Source records
⁂
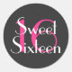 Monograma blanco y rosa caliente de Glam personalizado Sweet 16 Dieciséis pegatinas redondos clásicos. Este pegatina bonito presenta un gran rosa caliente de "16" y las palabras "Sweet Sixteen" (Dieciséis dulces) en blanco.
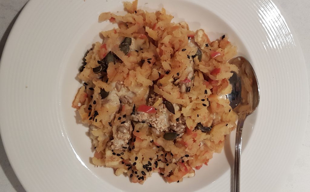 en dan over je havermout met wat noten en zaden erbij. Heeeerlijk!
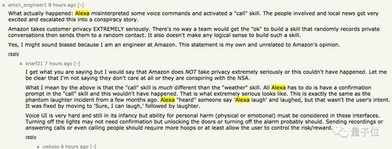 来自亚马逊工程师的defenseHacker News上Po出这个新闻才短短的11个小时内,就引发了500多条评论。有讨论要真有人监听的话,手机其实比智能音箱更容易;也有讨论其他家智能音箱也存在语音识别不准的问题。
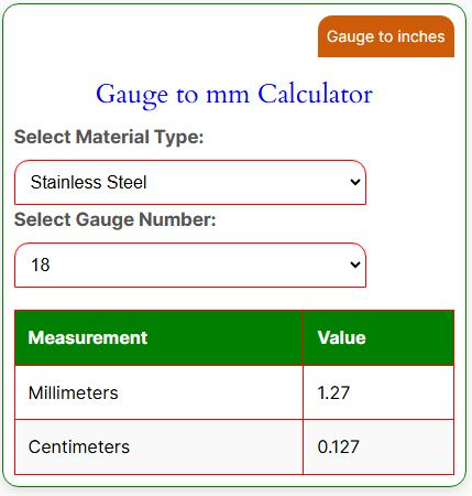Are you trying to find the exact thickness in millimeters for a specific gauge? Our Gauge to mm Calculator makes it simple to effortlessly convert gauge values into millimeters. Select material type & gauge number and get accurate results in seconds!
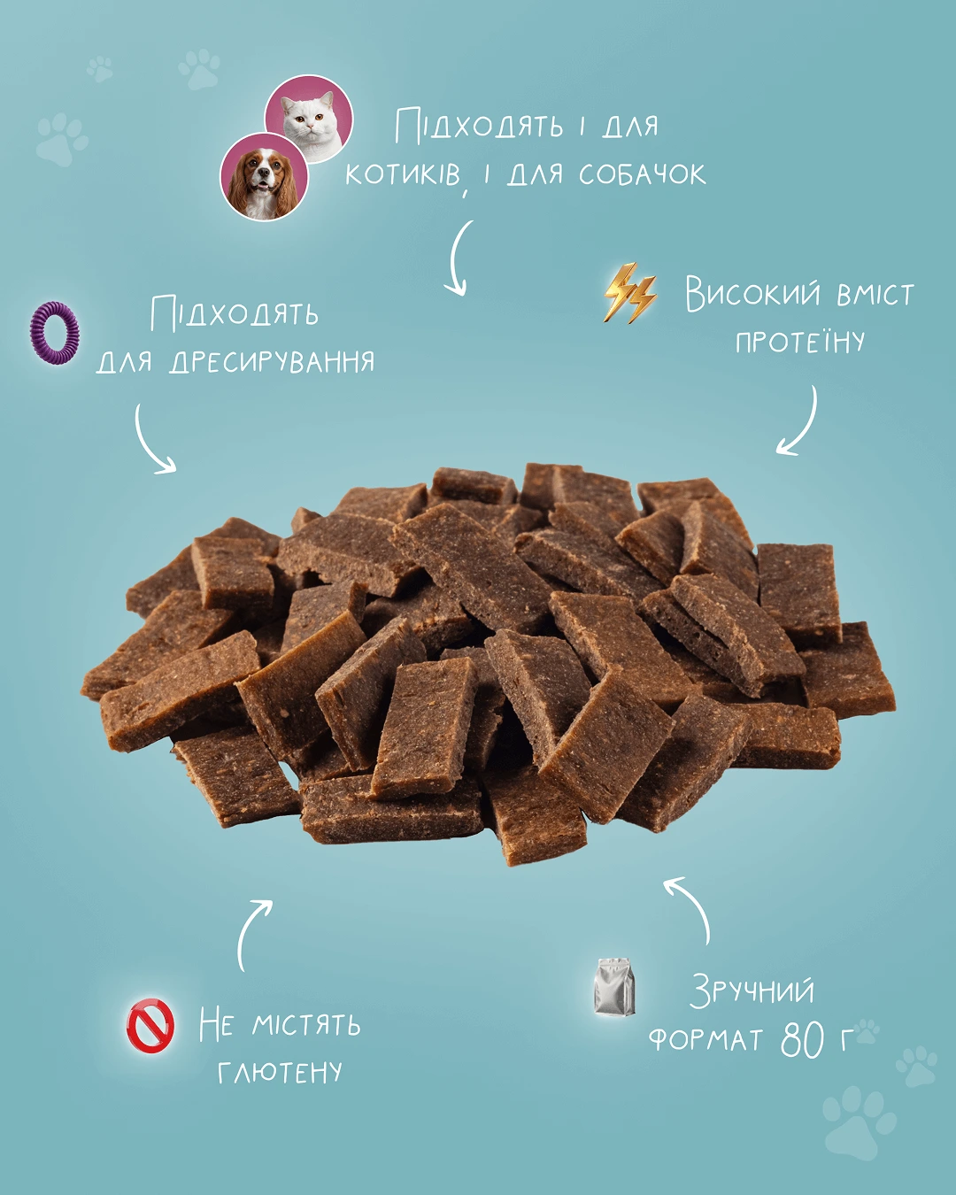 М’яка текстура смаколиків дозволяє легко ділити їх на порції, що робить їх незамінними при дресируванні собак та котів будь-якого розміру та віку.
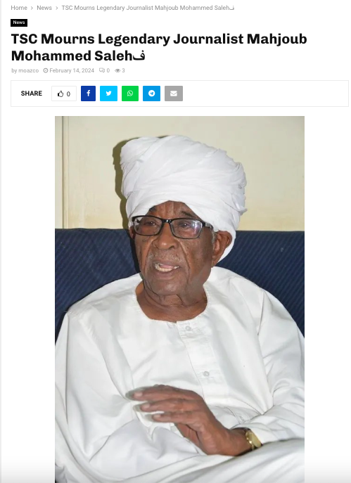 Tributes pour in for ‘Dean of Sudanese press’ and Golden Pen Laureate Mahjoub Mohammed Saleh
⁂
- [What is being asked]
Copy out the data above exactly, except the pictures.

- [Solution to the problem]
 Monograma blanco y rosa caliente de Glam personalizado Sweet 16 Dieciséis pegatinas redondos clásicos. Este pegatina bonito presenta un gran rosa caliente de "16" y las palabras "Sweet Sixteen" (Dieciséis dulces) en blanco.
 en dan over je havermout met wat noten en zaden erbij. Heeeerlijk!
 来自亚马逊工程师的defenseHacker News上Po出这个新闻才短短的11个小时内,就引发了500多条评论。有讨论要真有人监听的话,手机其实比智能音箱更容易;也有讨论其他家智能音箱也存在语音识别不准的问题。
Are you trying to find the exact thickness in millimeters for a specific gauge? Our Gauge to mm Calculator makes it simple to effortlessly convert gauge values into millimeters. Select material type & gauge number and get accurate results in seconds!
 М’яка текстура смаколиків дозволяє легко ділити їх на порції, що робить їх незамінними при дресируванні собак та котів будь-якого розміру та віку.
 Tributes pour in for ‘Dean of Sudanese press’ and Golden Pen Laureate Mahjoub Mohammed Saleh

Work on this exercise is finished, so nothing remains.